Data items
------------------------
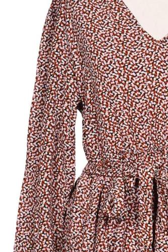 | Details | Rüschen, Langarm, Bindegürtel, V-Ausschnitt, Floral |
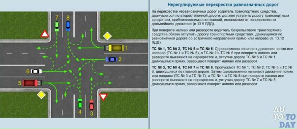 Правила проезда перекрёстков нерегулируемых равнозначных дорог
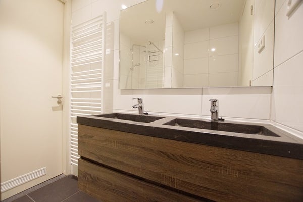 La chambre spacieuse est située au niveau inférieur, offrant intimité et un coin tranquille pour se détendre. La salle de bains moderne est équipée d'une cabine de douche, d'un lavabo avec rangement et d'un radiateur à serviettes. Il y a aussi un WC séparé pour plus de confort. De plus, l'appartement dispose d'un espace de rangement intérieur avec des raccordements pour un lave-linge et un sèche-linge.
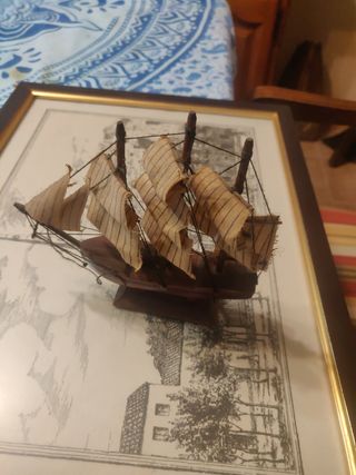 Preciosa maqueta de navío español, de gran tamaño y detallada. Ideal para decoración o coleccionistas. Grandes dimensiones de 73 x 67 cm. Anchura de casco 15 y de velas 25. - Es una pieza única, antigua y con señales del paso del tiempo. - El barco está hecho de madera y tela. - Incluye una base de madera. - NO SE ACEPTAN ENVIOS DEBIDO A SUS DIMENSIONES Y FRAGILIDAD
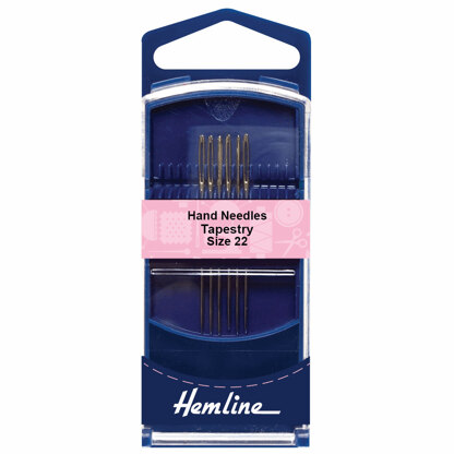 Diese Gobelinnadeln von Hemline bieten ein größeres Öhr für die Verwendung von dickeren Garnen. Diese Packung enthält sechs Nadeln, jeweils mit Größe 22.
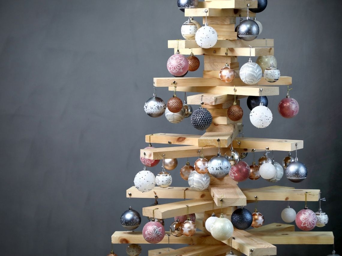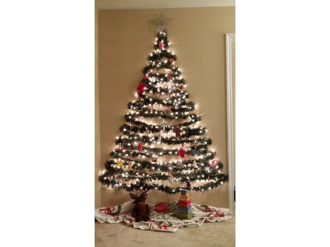 Si tenéis previsto dar paseos por el campo antes de poner la decoración de Navidad, esta opción puede ser perfecta para vosotros. Recopilad varios palos del campo (que sean lo suficientemente gruesos) y, al llegar a casa, ponedlos en orden e id cortándolos para crear la forma de un árbol. Después, podéis colocarlos todos en la pared, atarlos con una cuerda para que estén bien sujetos entre sí y decorarlos con lucecitas y bolas de Navidad.
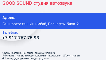 GOOD SOUND, студия автозвука по адресу Башкортостан, Ишимбай, Роснефть, блок 21 в дальнейшем Организация, размещена в следующих категориях:
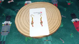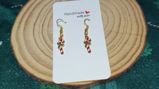 Pendientes con un diseño festivo de bastón de caramelo, perfectos para la temporada navideña. Cuentan con un acabado esmaltado que resalta los detalles. - Diseño de bastón de caramelo. - Adorno de lazo verde y rojo.
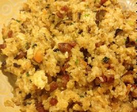 做法:1.萝卜擦丝,烫熟后把水份挤掉 2.猪肉、腊肉、腊肠切粒...
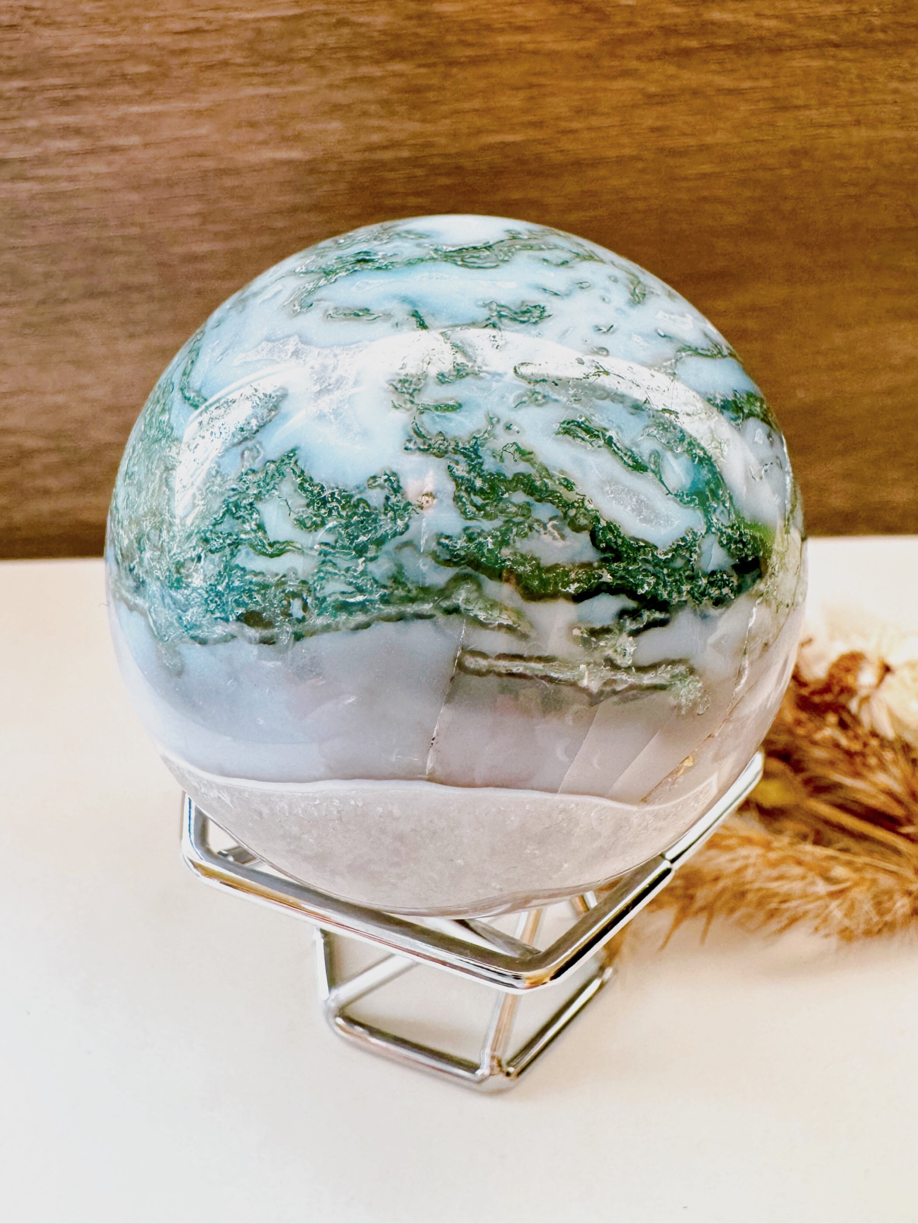 アゲートの模様が可愛い、モスアゲートのスフィアです。水晶がたくさん見えるドゥルージーもあります。インテリアやアクセサリーや天然石の浄化など、自由な発想でお使いください。
------------------------
▸ What the exercise asks
Output nothing except the lines from the one containing "Pendientes con un" through the final line of the entries, repeated exactly and free of pictures.

▸ Solution for this problem
 Pendientes con un diseño festivo de bastón de caramelo, perfectos para la temporada navideña. Cuentan con un acabado esmaltado que resalta los detalles. - Diseño de bastón de caramelo. - Adorno de lazo verde y rojo.
 做法:1.萝卜擦丝,烫熟后把水份挤掉 2.猪肉、腊肉、腊肠切粒...
 アゲートの模様が可愛い、モスアゲートのスフィアです。水晶がたくさん見えるドゥルージーもあります。インテリアやアクセサリーや天然石の浄化など、自由な発想でお使いください。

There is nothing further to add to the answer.